- Parent: King Lludd

= Creiddylad =

Character in Welsh Arthurian folklore

Creiddylad (also known as Creirddylad, Creurdilad, Creudylad or Kreiddylat), daughter of King Lludd, is a minor character in the early medieval Welsh Arthurian tale Culhwch ac Olwen.

== Role in Welsh tradition ==
Creiddylad, daughter of Lludd Silver Hand, is a lady living at the court of King Arthur. Considered to be the most beautiful girl in the British Isles, she is loved by two of Arthur's warriors: Gwythyr and Gwyn. Her rival suitors are thrust into conflict when Gwythyr abducts her from her father's house, to which Gwyn retaliates by kidnapping her from Gwythyr. Due to Arthur's intervention in the ensuing feud, the lady Creiddylad is returned to her father and an arrangement (a dihenydd, or "fate") is made that forces the adversaries to engage in single combat for the object of their love every May Day—while she is destined to remain with her father, unmarried—until a final battle on Judgement Day, which will determine who keeps her forever.

Creiddylad has been compared to the Greek springtime goddess Persephone, who is similarly abducted by an admirer (the underworld god Hades), rescued by an intervening character (Zeus), and reunited with her family (her mother Demeter), then cursed to repeat the experience every year. Here, the warrior duo's ritual battle for possession of Creiddylad may be understood as a version of the "Holly King" myth, possibly personifying the dynamic power struggle between summer and winter.

It is also observed that the name of Creiddylad's father (Lludd) and that of Gwyn's father (Nudd) are likely cognate, which suggests that the characters are different incarnations of the pan-Celtic deity Nodons. Hence, Gwyn is often described as Creiddylad's brother.

Additionally, she is sometimes confused with the goddess Creirwy, who is also referred to as the most beautiful girl in the world.

==In literature==
=== Cordelia ===
Creiddylad is traditionally identified as the prototype of Geoffrey of Monmouth's pseudo-historical Queen Cordeilla, who is the source of William Shakespeare's heroine Cordelia (the youngest daughter of King Lear). This identification can be found in the 1833 edition of Encyclopædia Britannica.
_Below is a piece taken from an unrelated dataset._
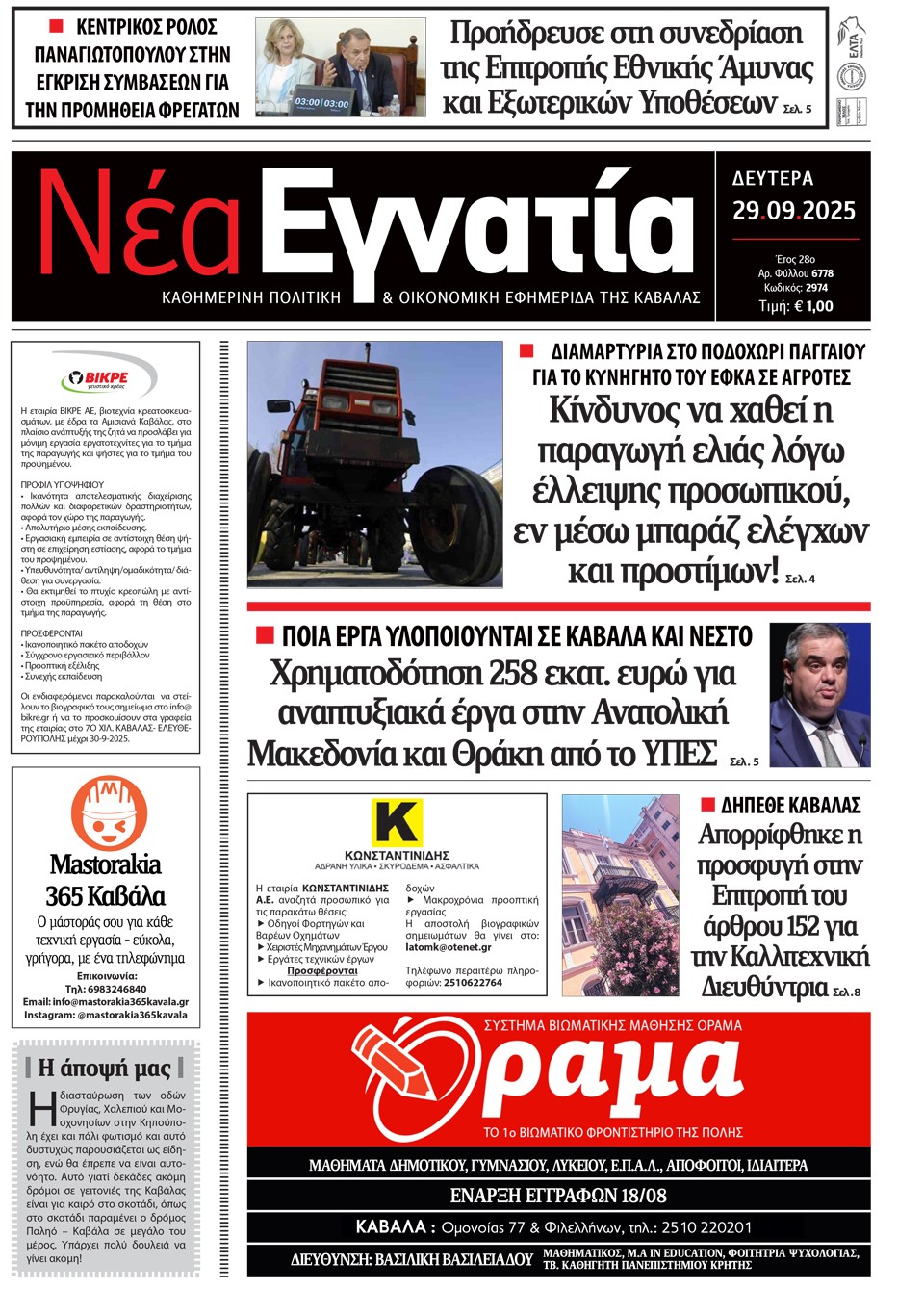 ΝΕΑ ΕΓΝΑΤΙΑ - 29 Σεπτεμβρίου 2025

Lady Charlotte Guest, in the notes to her edition of The Mabinogion, which was first published in 1849, identifies Creiddylad, daughter of Lludd Llaw Ereint, with Cordelia, "daughter of Lludd, or Lear". In 1891, Sir John Rhys repeated this identification in Studies in the Arthurian Legend.

However, Geoffrey's Welsh translators failed to use the name Creiddylad in their Latin-to-Welsh translations of Historia Regum Britanniae, where he used Cordeilla. Further complicating the association, the legends surrounding Creiddylad and Cordelia are very different. Doubt has been cast on the linking of these two names, beyond "the string of consonants C-R-D-L".

===John Cowper Powys===
Novelist John Cowper Powys, as an admirer of both Guest's Mabinogion as well as the work of Sir John Rhys, was aware of the idea that Creiddylad can be identified with Geoffrey of Monmouth's Queen Cordelia. In A Glastonbury Romance, Cordelia Geard's name may indicate a mythological identification with Creiddylad, daughter of Lludd in The Mabinogion. In Powys's novel Porius: A Romance of the Dark Ages, which is set in Wales, Creiddylad, was the eponymous protagonist's giantess great-grandmother, as well as the name he gives to a young giantess whom he mates with.